Animals were transcardially perfused with 4% PFA in PBS. Sections were prepared and processed for immunohistochemistry as described previously (Nolan et al., 2007) and with the following primary antibodies: goat anti-chAT (1:200; RRID:AB_2079751, Millipore) for labeling cholinergic neurons; mouse anti-parvalbumin (PV; 1:2000; RRID:AB_10000343, Swant) and anti-GAD 67 (1:200; RRID: AB_2278725, Millipore) for labeling GABAergic neurons; and NeuroTrace 640/660 fluorescent Nissl stain (1:2000; RRID:nlx_152414, Life Technologies). The following secondary antibodies were used: donkey anti-goat far red-647 (1:500; RRID:AB_141844, Invitrogen); goat anti-mouse Alexa Fluor-488 (1:800; RRID:AB_141367, Invitrogen). Imaging of labeled sections used a Nikon A1R confocal microscope with a 26.8 μm pinhole diameter and a 4.95 μm optical slice. MS mCherry or venus-positive cells coexpressing ChAT, GAD-67, or PV were identified on a single focal plane and visually inspected for double labeling.

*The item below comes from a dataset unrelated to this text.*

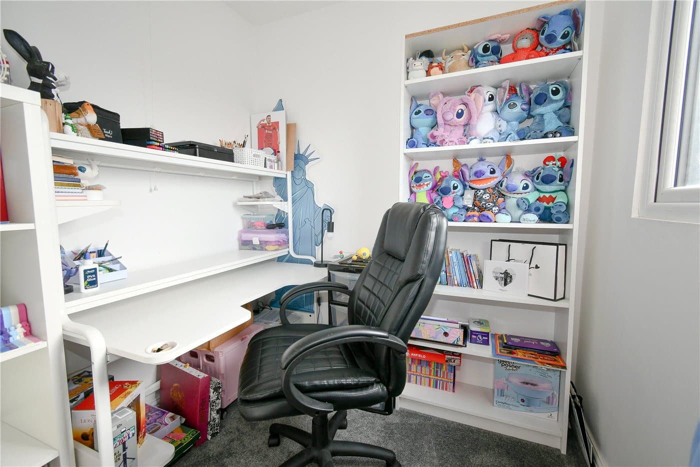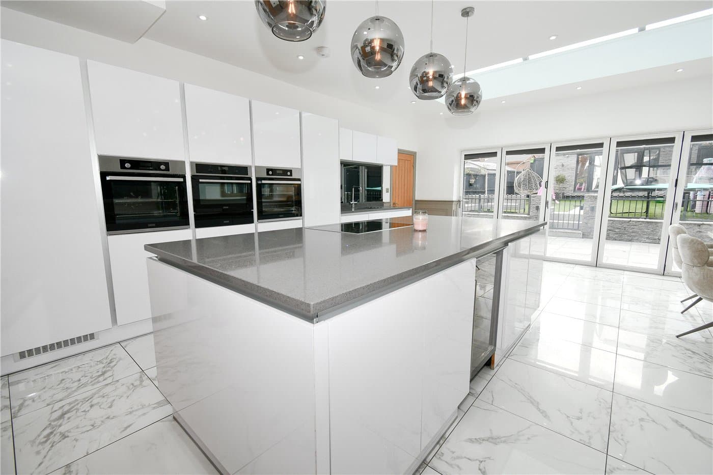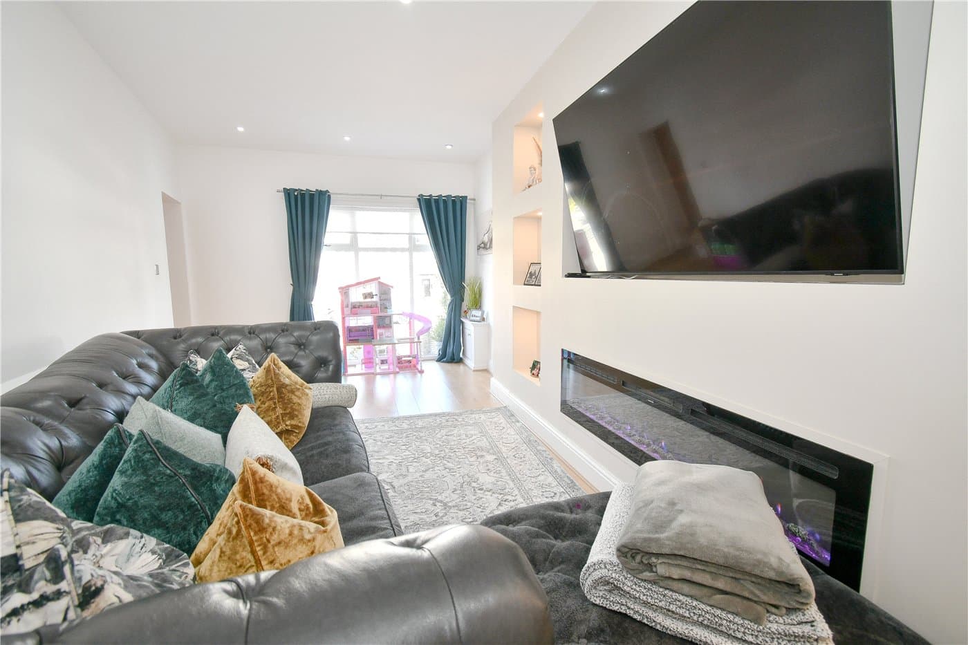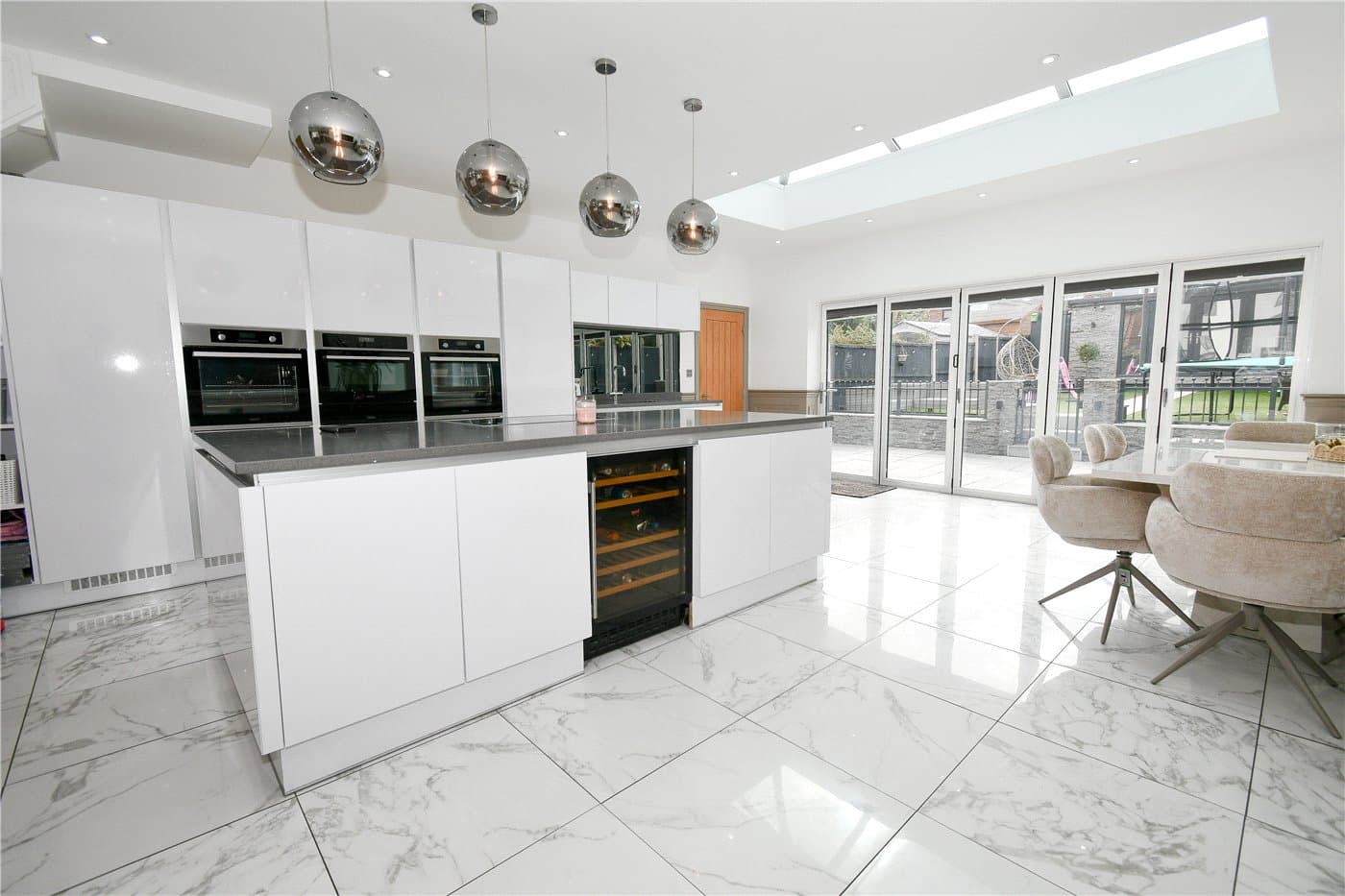 Ample off-road parking and a landscaped rear garden with artificial lawn, patio, and powered summer house.

Data analysis and statistics.

Electrophysiological data were analyzed using IGORpro (WaveMetrics), Clampfit (Molecular Devices), and Spike2 (CED). Rise and decay time constants were calculated by fitting a double exponential function to synaptic response waveforms. Normality of groups was assessed with the Shapiro–Wilk test. Comparisons between groups with Gaussian distributed data used t test or ANOVA followed by Tukey's post hoc comparison. The Wilcoxon signed rank test, Kruskal–Wallis ANOVA, and Kolmogorov–Smirnov (KS) test were used for comparing nonparametric data. For quantification of fluorescence, the mean signal density in each layer was normalized to the peak signal density across all layers.